Then, I'd say that logic has nothing to do with a possible (not so personal) interpretation and, based on the context, I do not see anything wrong with Alfa's sentence " ... trying to be conscientious in every situation." which seems, on the contrary, to confirm this person's attitude also from a mere description logic.   But, again, I do not know if this sounds correct to your English ears


----------



## alfaking

london calling said:


> A conscientious person may well think before he/she speaks, but someone who thinks before he/she speaks isn't necessarily conscientious: in that sense thinking before you speak doesn't (necessarily) indicate conscientiousness. After all, the person may just be cautious and/or reflective by nature.

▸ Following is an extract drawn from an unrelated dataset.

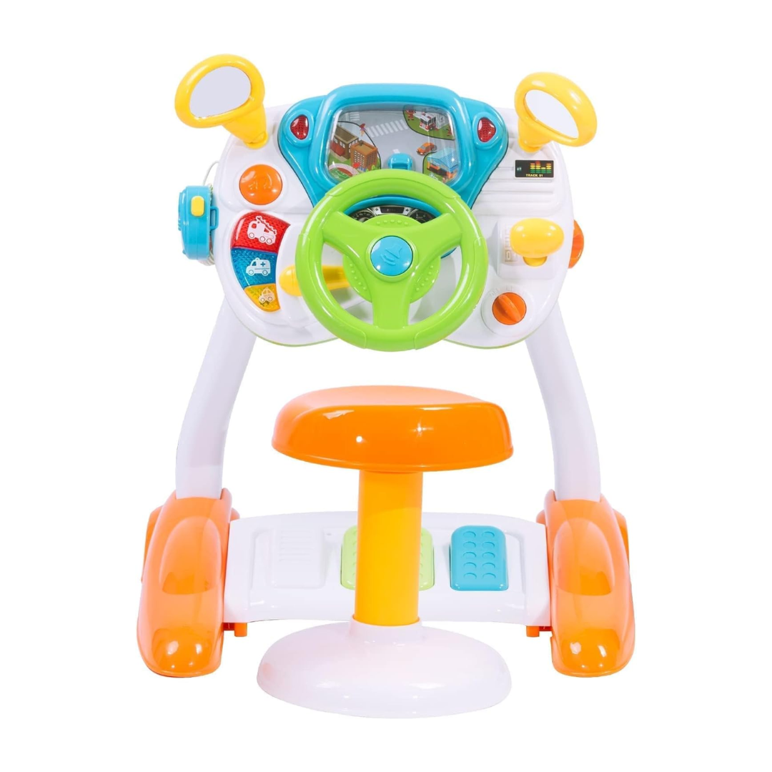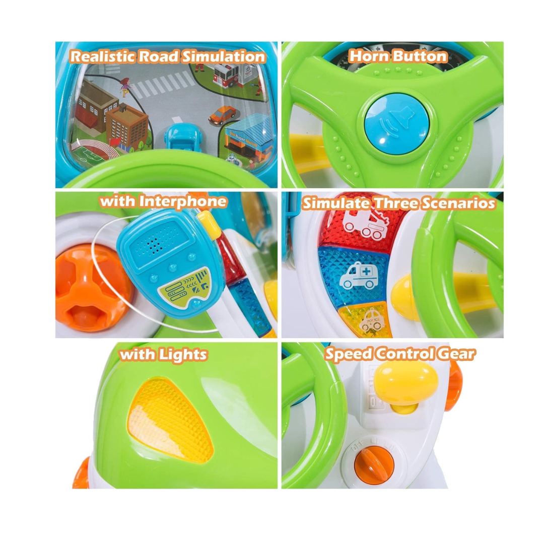 The Little Driver Interactive Steering Playset lets toddlers experience the fun of driving in a safe and playful way. Designed like a real car dashboard, it features a steering wheel with horn, light-up effects, realistic road simulation, an interphone, and a speed control gear. With three different driving scenarios, children can enjoy role-play while developing coordination and sensory skills.

I see what you mean, but, again, being reflective and/or cautios doesn't mean being conscientious ?
In Italian language, the difference (if there is one) is really really small !


----------



## london calling

alfaking said:


> I see what you mean, but, again, being reflective and/or cautios doesn't mean being conscientious ?


The difference might be small, but it's there, in my opinion. I'm considered very conscientious, but I'm also known for not thinking before I speak at times (I have what my mother terms an "impetuous nature", when she's being polite!). The fact that I often react instinctively has got me into big trouble more than once....


----------



## AshleySarah

london calling said:


> The difference might be small, but it's there, in my opinion. I'm considered very conscientious, *but I'm also known for not speaking before I think at times *(I have what my mother terms an "impetuous nature", when she's being polite!). The fact that I often react instinctively has got me into big trouble more than once....



Jo, did you mean that you're known for not *thinking before you speak*?


----------



## london calling

AshleySarah said:


> Jo, did you mean that you're known for not *thinking before you speak*?


Quite possibly! Demonstrates my point, hey what? I don't think before I speak (or write, at this stage)!

Will correct right now, ta Sarah.


----------



## Lissina

Io tradurrei: he is a great example of someone who thinks before he speaks.


----------